In the above-described steps of FIGS. 16A to 16E, in order to prevent the clamp module 323 from moving along the first path D1, the clamp module 323 includes a connecting plate 3112a and a blade 3112b. Will interfere; The first operation module 311 can be driven to rotate the connection plate 3112a and the blade 3112b, which causes the blade 3112b to rotate at an angle to avoid the clamp module 323, but shown in the figure. Is not limited to the specified angle.

See Fig. 17A. After the cutting of the bobbin thread 60 is completed, the wound bobbin thread 61 starts to be installed on the bobbin case 52 of the first bobbin module 501. First, the third driving source 3131 of the third operation module 313 drives to move the third interlocking module 3133 away from the third transmission member 3132; The restoring force 3134a of the resetting member 3134 acts on the pressing block 3132a, which causes the third transmission member 3132 to move toward the third drive source 3131, thereby moving the third The transmission member 3132 allows the bobbin case 52 of the first bobbin module 501 to be assembled to the bobbin 51 of the first bobbin module 501; Accordingly, the bobbin case 52 of the first bobbin module 501 and the bobbin 51 of the first bobbin module 501 are converted from the separated state (S1) to an assembled state (S3) assembled to each other. At this time, the wound bobbin thread 61 contacts the open end 524 of the bobbin case 52, and the wound bobbin thread 61 is in a tensioned state.

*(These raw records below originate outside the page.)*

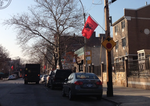 Flamujt kuq e zi me Shqiponjën e zezë dykrena janë vendosur nga Shkumbin Hasangjekaj dhe Shkumbin Balidemaj në një nga rrugët kryesore të qytetit Brooklyn, Bay Parkway ku jetojnë shumë shqiptarë.
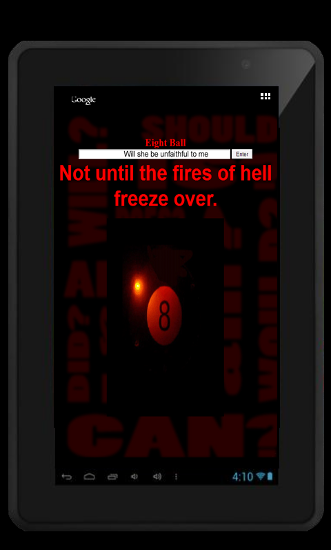 Die erste Voraussage ist immer die genauesten, so verschwenden keine Zeit sich selbst zu belügen, wenn die Magic 8 Ball gibt Ihnen eine Antwort, die Sie nicht mögen, das erste Mal
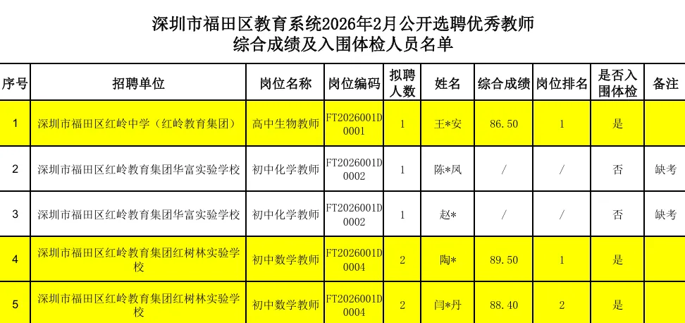 深圳市福田区教育系统2026年2月公开选聘优秀教师考核工作已结束,现将综合成绩和体检有关事项公告如下:

See FIG. 17B. When the bobbin thread 60 with the deduction is in contact with the open end 524 of the bobbin case 52, the second driving source 3121 of the second operation module 312 is the second driving source 3121 of the second interlocking module 3123 It generates rotational power to drive the drive belt pulley 3123a to rotate, which means that the second transmission member 3122 connects the second transmission member 3122 to the second driven belt pulley of the second interlocking module 3123 ( 3123b) to drive to rotate about the axis of motion (L); When the second transmission member 3122 rotates, the synchronous protruding pillar 3142 of the synchronization module 314 cannot be moved due to the limitation of the synchronization groove 3141, and thus, the second transmission member 3122 is synchronized. Through the module 314, the third operation module 313 is driven to rotate, and thus the bobbin case 52 of the first bobbin module 501 rotates synchronously. As shown in the figure, the second driving source 3121 first drives the bobbin case 52 of the first bobbin module 501 to rotate clockwise through the second transmission member 3122, and then 2 driving source 3121 drives the bobbin case 52 of the first bobbin module 501 to rotate in a counterclockwise direction; Accordingly, the bobbin thread 61 in which the rotating bobbin case 52 is wound can be guided into the thread guiding slot 527 of the bobbin case 52, and the local length of the wound bobbin thread 61 is It is positioned between the case 52 and the clamping elastic piece 528 of the bobbin case 52.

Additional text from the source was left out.